German aviation firms were quick to respond, knowing the potentially lucrative defense contracts that could follow. Five concerns submitted their designs and these included works from well-established firms - Arado, Blohm & Voss, Dornier, Focke-Wulf and Gothaer Waggonfabrik AG (or simply "Gotha"). A total of seven designs were actually submitted with Arado and Focke-Wulf each delivering two to further their chances at fulfilling the requirement. The Air Ministry was impressed with the estimated performance specifications of the Gotha submission (known as Projekt 60C) for they either met or vastly exceeded the required numbers. It was estimated that the Project 60C design could hit 974kmh (606mph) out to distances of 2,700 miles with a rate-of-climb nearing 3,500 feet per minute. The latter figure was of particular note considering the quick-reaction nature required of intercepting aircraft.

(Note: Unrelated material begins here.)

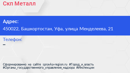 Скп-Металл по адресу 450022, Башкортостан, Уфа, улица Менделеева, 21 в дальнейшем Организация, размещена в следующих категориях:

In essence, the Gotha design was a further evolution of their previous "Project 60B". However, the Project 60C was an enlarged and lengthened version of that preceding design and featured a crew of two or three seated conventionally. The Project 60B was dimensionally smaller and forced its pilot to lie prone - a rather unconventional way to fly an aircraft especially over long periods of time. The Project 60C was to be powered by a combination of turbine jet engines and a rocket booster. This pairing would enable the aircraft to reach exceptional speeds and altitudes in a short amount of time. Jet propulsion would be provided through 2 x Heinkel-Hirth HeS 011 series turbine engines developing 2,866lbs of thrust each. Added power would be supplied by 1 x Walter HWK solid-fueled booster rocket managing an output of 4,400lbs thrust. The booster rocket would be used during the initial take-off action and assist the aircraft in achieving altitude within minutes. The engines would be paired in an "over-under" fashion at the rear of the fuselage and held externally for ease of maintenance and replacement by ground personnel.